(Collected data entries)
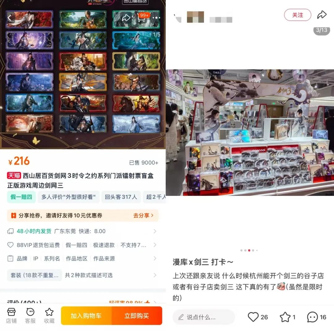 典型例如网游厂商西山居,今年便显著加快了对于《剑网3》的游戏周边开发频次,在线上商城之外,上线大量线下谷店,此举也被行业视为增进粉丝粘性,延长这一15年老游戏生命力的举措。
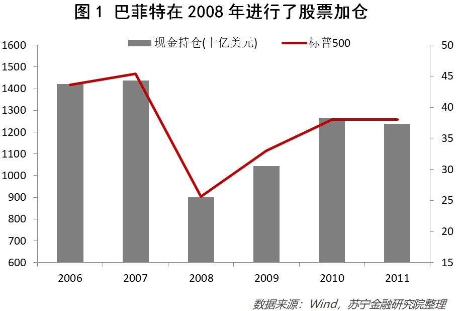 这也就是巴菲特说的“在别人恐惧时贪婪”。以巴菲特组合中的现金持仓为例,在2008年金融危机时,巴菲特进行了明显的加仓,导致其组合中现金持有量出现了大幅的下降(参见图1)。
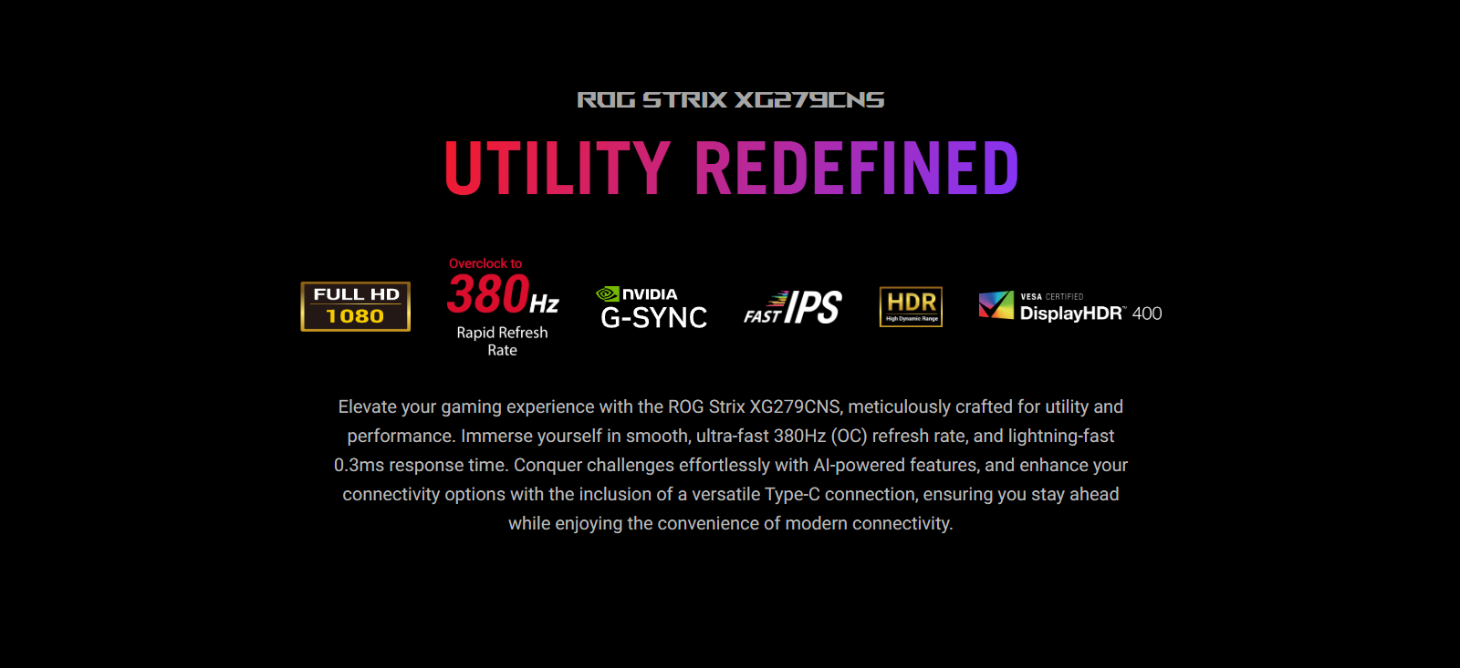 ROG Strix XG279CNS е 27-инчов Full HD (1920x1080) HDR гейминг монитор, създаден за професионални геймъри и потапящо игрово изживяване. Ето някои от ключовите му характеристики:
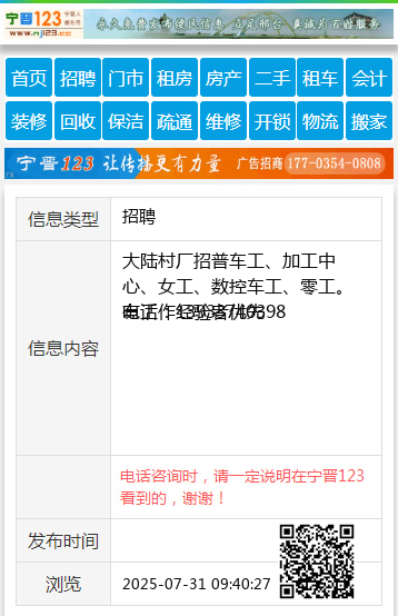 免责声明:本栏目信息由网友自行发布,宁晋123不承担任何责任!提高警惕,谨防诈骗!做推广、做信息置顶!请加宁晋123客服微信:ningjin009
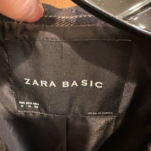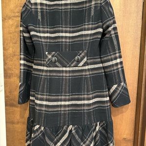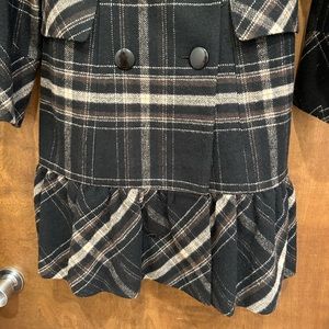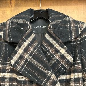 ZARA Basic Size M, Black/Brown/Cream Plaid, Polyester, Acrylic and Wool Coat, with Pockets and Ruffle at Hem. In Like-New Condition.
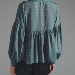 Anthropologie Floaty Gold and Slate Blue Blouse with Full Sleeves Size S
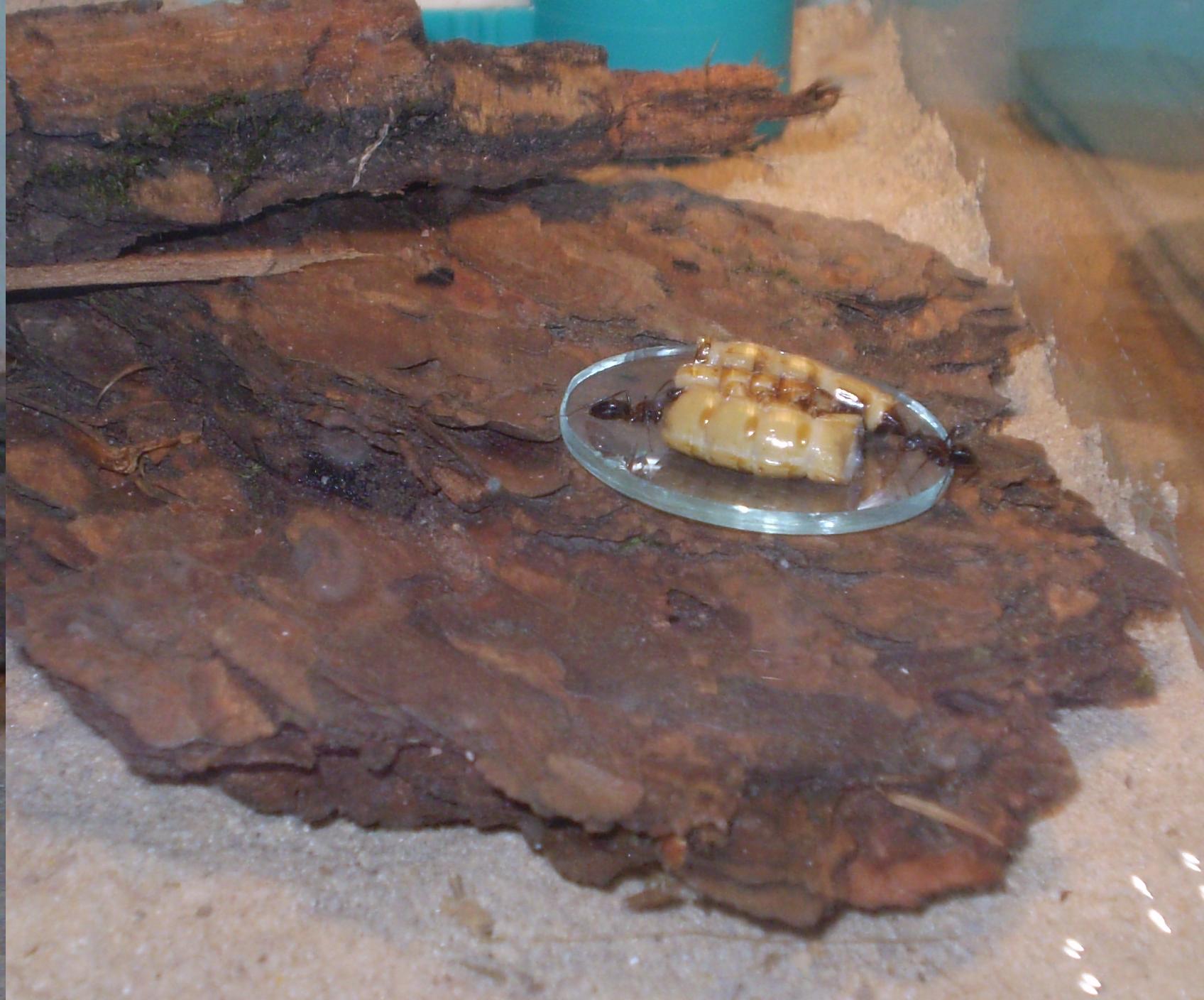 Zuckerwasser und ein Insekt liegen immer frisch bereit, damit bei Bedarf etwas vorhanden ist.
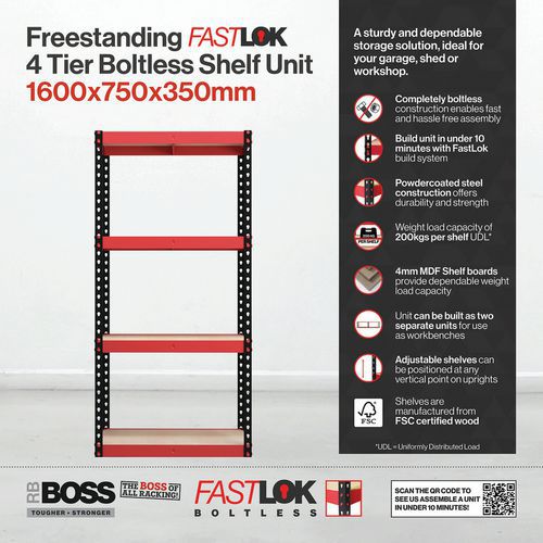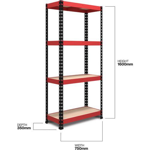| Intitulé du produit | Rayonnage de garage RB Boss 200 kg 4 niveaux H x l x P 1600 x 750 x 350 mm, Charge maxi par tablette: 200 kg |
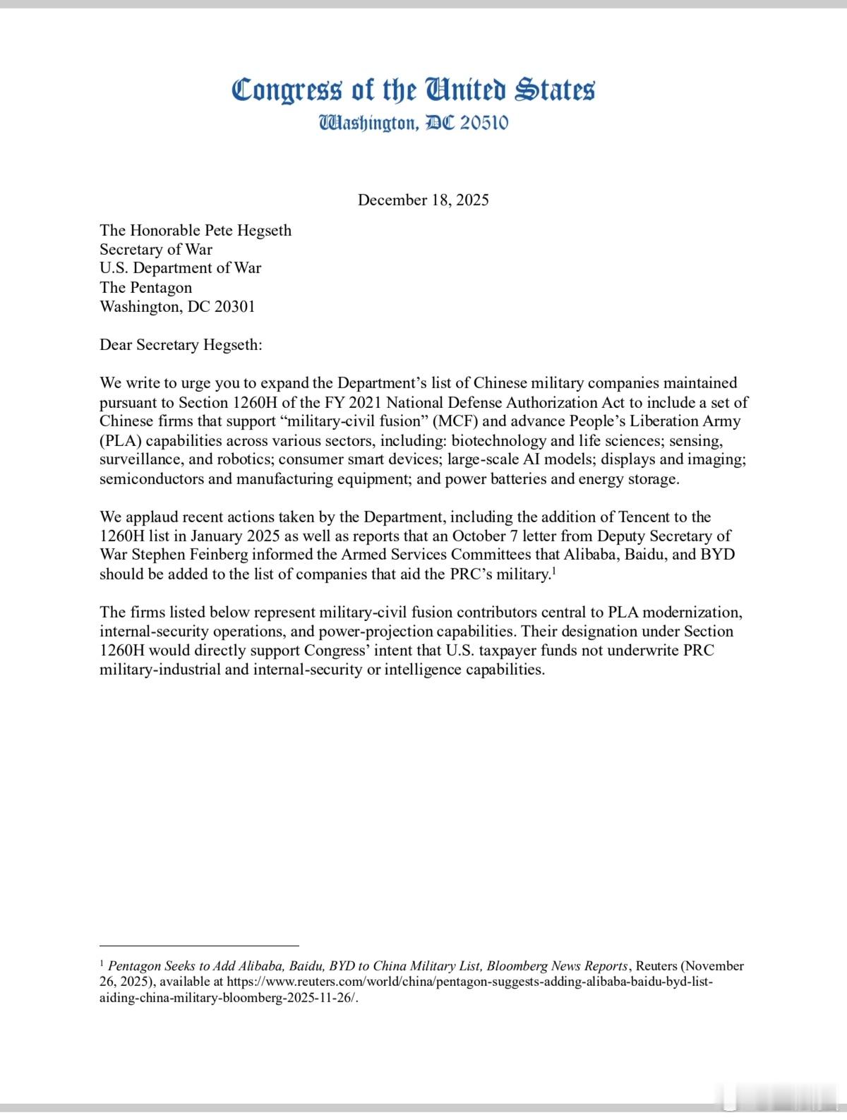 【美国国防部的“1260H”名单】12 月 18 日(当地时间),特朗普签署了《2026 财年国防 预算授权法》(NDAA 2026)。美国众议院“中共问题特设委员 会”主席穆勒纳(John Moolenaar)等 9 位国会议员连夜致函 国防/战争部长赫格塞思(Pete Hegseth),要求将深度求索 (DeepSeek)、小米以及京东方科技集团等 17 家中国企业列入 “1260H”名单,并被分为 7 个领域(附件-1):  生物技术、基因组学和生命科学制造(Biotech, Genomics, and Life Science Manufacturing),  传感、监控、机器人和具身人工智能( Sensing, Surveillance, Robotics, and Embodied AI),  消费类智能设备生态系统(Consumer Smart-Device Ecosystems),  人工智能大模型开发者( Large-Scale Artificial Intelligence Model Developers),  显示和成像组件(Display and imaging components),  半导体、先进材料和制造设备( Semiconductors, Advanced Materials, and Manufacturing Equipment),  动力电池和储能(Power Batteries & Energy Storage)以下 17 家企业的中文名称供参考: 深度求索(DeepSeek)合肥国轩高科动力能源有限公司(Gotion High-Tech) 宇树科技(Unitree Robotics) 药明康德(WuXi AppTec, WuXi Biologics, and WuXi XDC) 南京金斯瑞生物科技有限公司(GenScript Group) 天地伟业技术有限公司(Tiandy Technologies) 深圳览沃科技(Livox) 深圳镭神智能系统有限公司(LeiShen) 上海速腾聚创科技有限公司(Robosense) 达闼科技(北京)有限公司(CloudMinds) 慧思开物北京人形机器人创新中心(Hui Si Kaiwu) 小米科技有限责任公司(Xiaomi Corporation) 京东方科技集团(BOE Technology Group) 深圳天马微电子股份有限公司(Tianma Microelectronics) 华虹半导体有限公司(Hua Hong Semiconductor) 深南电路股份有限公司(Shennan Circuit Company Limited) 沈阳芯源微电子设备股份有限公司(Kingsemi Company Limited)“1260H”,是指 2021 财年美国国防预算授权法(NDAA 2021) 第 1260H 节,授权国防部(DoD)每年公布一份在美国经营的中国军工企业(简称 CMCs:Chinese Military Companies)名单, 其中确定影响美国技术供应链和国家安全且被认定与中国军方有关联的公司,以应对中国的“军民融合战略”。 目的:确定通过在美国获得先进技术以支持中国人民 解放军(PLA)现代化的中国公司。  CMC 的定义:由中国军方或军民融合( MCF : Military-Civil Fusion)出资直接或间接拥有/控制的实体。  发布机构:美国国防部(DoD)。  周期:每年更新一次“名单”,直至 2030 年 12 月 31 日。  作用:警示使用“名单”中实体的设备、组件或与之关联的美国公司,存在潜在的供应链风险。  方式:该“名单”由国防部在《联邦公报》上公布。  执行:美国政府可以根据其他授权采取进一步行动。 虽然“1260H 名单”本身并不构成对企业的正式制裁,但是向美国国防部和其他政府机构及其供应商释放信号,反映 美军对相关企业的定位和看法。 此前,部分被列入该名单的中国企业此前已就此向美方提起诉讼或申诉,也有被从该名单中删除的例子。 2025 年 1 月 7 日,美国国防部发布了 2025 年度的“1260H 名单”(附件-2)。另据媒体报道,美国国防部意欲将阿里巴巴(Alibaba Group Holding)、百度(Baidu Inc)和比亚迪(BYD Co.)列入 2026 年度的“1260H 名单”。估计,2026 年度的“1260H 名单”将在下月公布。
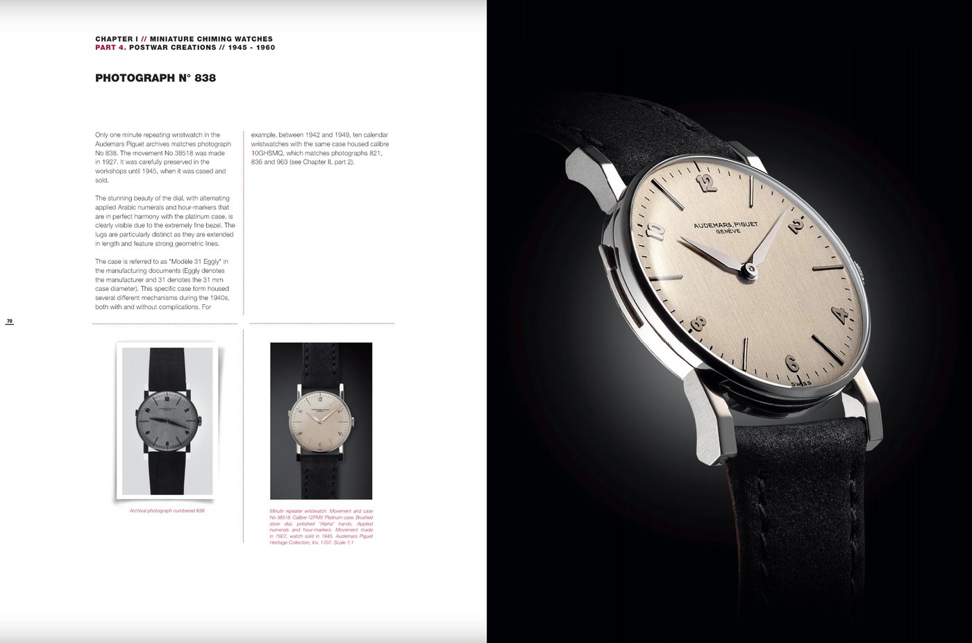 According to Audemars Piguet’s “bible” of complicated wristwatches, as dubbed by Fondation de la Haute Horlogerie Journal, during the post World War II boom years of the late 1940s – 1960s, the watchmaker entered a “Golden Age” of creative and technical watch design. Just as the War came to an end in 1945, they sold this unique platinum minute repeater wristwatch with a contemporary design language consistent throughout.
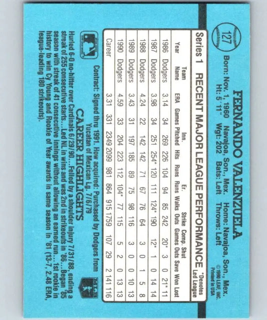 1991 Donruss #127 Fernando Valenzuela UER NM-MT Los Angeles Dodgers Baseball Card
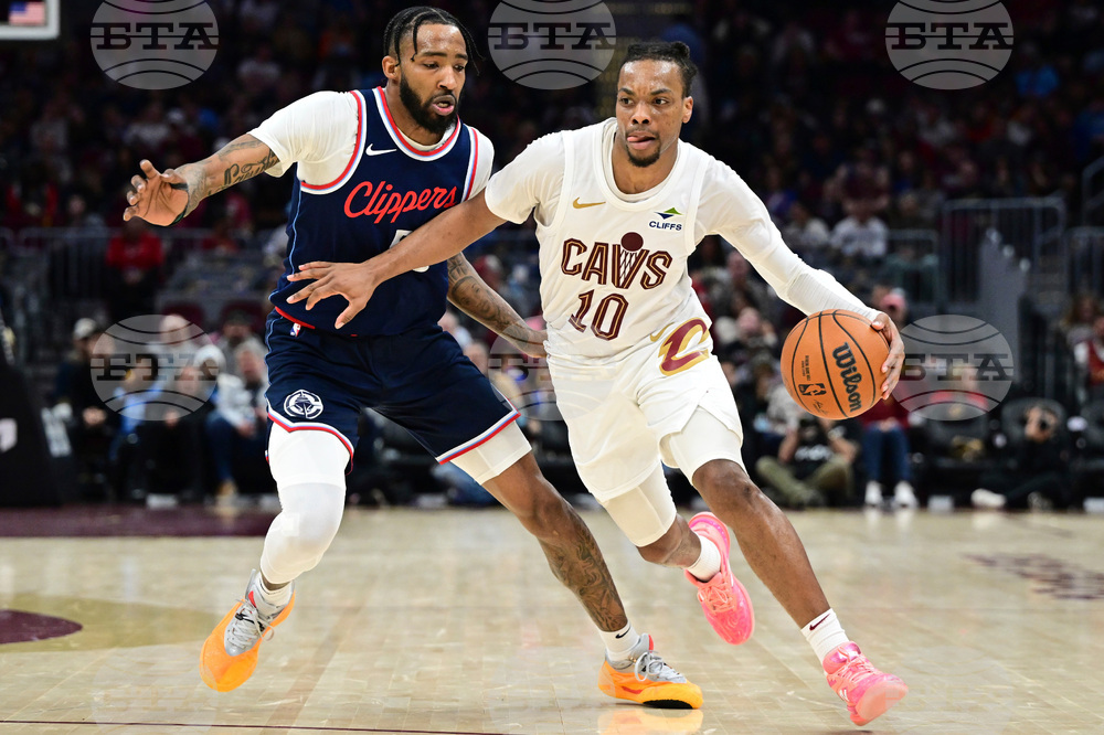 FILE-Cleveland Cavaliers guard Darius Garland drives on Los Angeles Clippers forward Derrick Jones Jr. in the second half of an NBA basketball game Sunday, March 30, 2025, in Cleveland. (AP Photo/David Dermer, FILE )
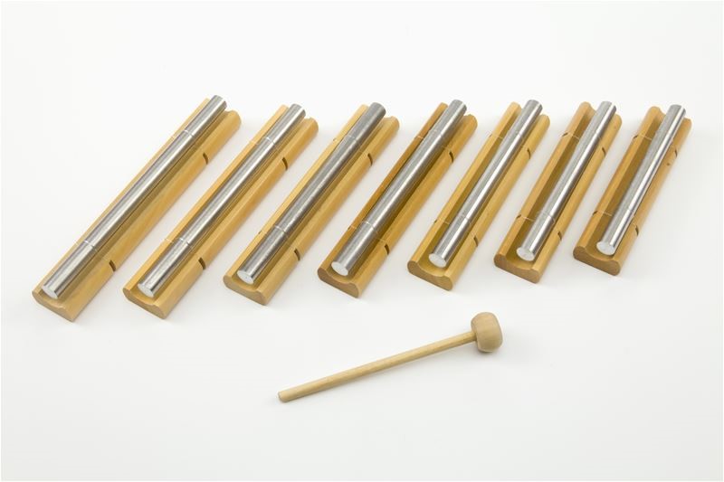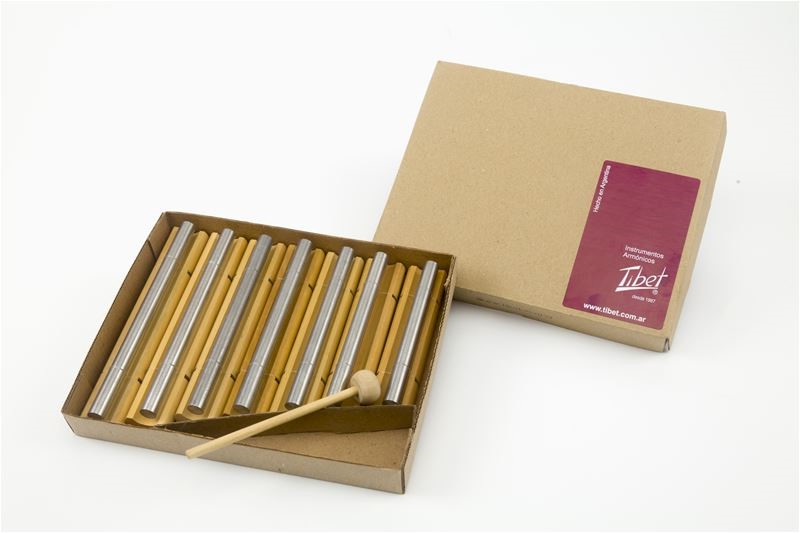 Se compone de una varilla cilíndrica de metal liviano suspendida sobre una base de madera que se percute con una pequeña baqueta. Produce un sonido agudo, claro y brillante y están afinados individualmente en su tono fundamental. Su característico sonido agudo permite disipar bloqueos energéticos en ambientes y personas. También se utilizan en el inicio y cierre de sesiones grupales o individuales. Debido a que están afinados en tonos determinados se pueden aplicar a la armonización de chakras.

ABOUT THIS EXERCISE
What is needed is a verbatim copy of the entries, leaving out any pictures.

FINAL ANSWER
 典型例如网游厂商西山居,今年便显著加快了对于《剑网3》的游戏周边开发频次,在线上商城之外,上线大量线下谷店,此举也被行业视为增进粉丝粘性,延长这一15年老游戏生命力的举措。
 这也就是巴菲特说的“在别人恐惧时贪婪”。以巴菲特组合中的现金持仓为例,在2008年金融危机时,巴菲特进行了明显的加仓,导致其组合中现金持有量出现了大幅的下降(参见图1)。
 ROG Strix XG279CNS е 27-инчов Full HD (1920x1080) HDR гейминг монитор, създаден за професионални геймъри и потапящо игрово изживяване. Ето някои от ключовите му характеристики:
 免责声明:本栏目信息由网友自行发布,宁晋123不承担任何责任!提高警惕,谨防诈骗!做推广、做信息置顶!请加宁晋123客服微信:ningjin009
 ZARA Basic Size M, Black/Brown/Cream Plaid, Polyester, Acrylic and Wool Coat, with Pockets and Ruffle at Hem. In Like-New Condition.
 Anthropologie Floaty Gold and Slate Blue Blouse with Full Sleeves Size S
 Zuckerwasser und ein Insekt liegen immer frisch bereit, damit bei Bedarf etwas vorhanden ist.
| Intitulé du produit | Rayonnage de garage RB Boss 200 kg 4 niveaux H x l x P 1600 x 750 x 350 mm, Charge maxi par tablette: 200 kg |
 【美国国防部的“1260H”名单】12 月 18 日(当地时间),特朗普签署了《2026 财年国防 预算授权法》(NDAA 2026)。美国众议院“中共问题特设委员 会”主席穆勒纳(John Moolenaar)等 9 位国会议员连夜致函 国防/战争部长赫格塞思(Pete Hegseth),要求将深度求索 (DeepSeek)、小米以及京东方科技集团等 17 家中国企业列入 “1260H”名单,并被分为 7 个领域(附件-1):  生物技术、基因组学和生命科学制造(Biotech, Genomics, and Life Science Manufacturing),  传感、监控、机器人和具身人工智能( Sensing, Surveillance, Robotics, and Embodied AI),  消费类智能设备生态系统(Consumer Smart-Device Ecosystems),  人工智能大模型开发者( Large-Scale Artificial Intelligence Model Developers),  显示和成像组件(Display and imaging components),  半导体、先进材料和制造设备( Semiconductors, Advanced Materials, and Manufacturing Equipment),  动力电池和储能(Power Batteries & Energy Storage)以下 17 家企业的中文名称供参考: 深度求索(DeepSeek)合肥国轩高科动力能源有限公司(Gotion High-Tech) 宇树科技(Unitree Robotics) 药明康德(WuXi AppTec, WuXi Biologics, and WuXi XDC) 南京金斯瑞生物科技有限公司(GenScript Group) 天地伟业技术有限公司(Tiandy Technologies) 深圳览沃科技(Livox) 深圳镭神智能系统有限公司(LeiShen) 上海速腾聚创科技有限公司(Robosense) 达闼科技(北京)有限公司(CloudMinds) 慧思开物北京人形机器人创新中心(Hui Si Kaiwu) 小米科技有限责任公司(Xiaomi Corporation) 京东方科技集团(BOE Technology Group) 深圳天马微电子股份有限公司(Tianma Microelectronics) 华虹半导体有限公司(Hua Hong Semiconductor) 深南电路股份有限公司(Shennan Circuit Company Limited) 沈阳芯源微电子设备股份有限公司(Kingsemi Company Limited)“1260H”,是指 2021 财年美国国防预算授权法(NDAA 2021) 第 1260H 节,授权国防部(DoD)每年公布一份在美国经营的中国军工企业(简称 CMCs:Chinese Military Companies)名单, 其中确定影响美国技术供应链和国家安全且被认定与中国军方有关联的公司,以应对中国的“军民融合战略”。 目的:确定通过在美国获得先进技术以支持中国人民 解放军(PLA)现代化的中国公司。  CMC 的定义:由中国军方或军民融合( MCF : Military-Civil Fusion)出资直接或间接拥有/控制的实体。  发布机构:美国国防部(DoD)。  周期:每年更新一次“名单”,直至 2030 年 12 月 31 日。  作用:警示使用“名单”中实体的设备、组件或与之关联的美国公司,存在潜在的供应链风险。  方式:该“名单”由国防部在《联邦公报》上公布。  执行:美国政府可以根据其他授权采取进一步行动。 虽然“1260H 名单”本身并不构成对企业的正式制裁,但是向美国国防部和其他政府机构及其供应商释放信号,反映 美军对相关企业的定位和看法。 此前,部分被列入该名单的中国企业此前已就此向美方提起诉讼或申诉,也有被从该名单中删除的例子。 2025 年 1 月 7 日,美国国防部发布了 2025 年度的“1260H 名单”(附件-2)。另据媒体报道,美国国防部意欲将阿里巴巴(Alibaba Group Holding)、百度(Baidu Inc)和比亚迪(BYD Co.)列入 2026 年度的“1260H 名单”。估计,2026 年度的“1260H 名单”将在下月公布。
 According to Audemars Piguet’s “bible” of complicated wristwatches, as dubbed by Fondation de la Haute Horlogerie Journal, during the post World War II boom years of the late 1940s – 1960s, the watchmaker entered a “Golden Age” of creative and technical watch design. Just as the War came to an end in 1945, they sold this unique platinum minute repeater wristwatch with a contemporary design language consistent throughout.
 1991 Donruss #127 Fernando Valenzuela UER NM-MT Los Angeles Dodgers Baseball Card
 FILE-Cleveland Cavaliers guard Darius Garland drives on Los Angeles Clippers forward Derrick Jones Jr. in the second half of an NBA basketball game Sunday, March 30, 2025, in Cleveland. (AP Photo/David Dermer, FILE )
 Se compone de una varilla cilíndrica de metal liviano suspendida sobre una base de madera que se percute con una pequeña baqueta. Produce un sonido agudo, claro y brillante y están afinados individualmente en su tono fundamental. Su característico sonido agudo permite disipar bloqueos energéticos en ambientes y personas. También se utilizan en el inicio y cierre de sesiones grupales o individuales. Debido a que están afinados en tonos determinados se pueden aplicar a la armonización de chakras.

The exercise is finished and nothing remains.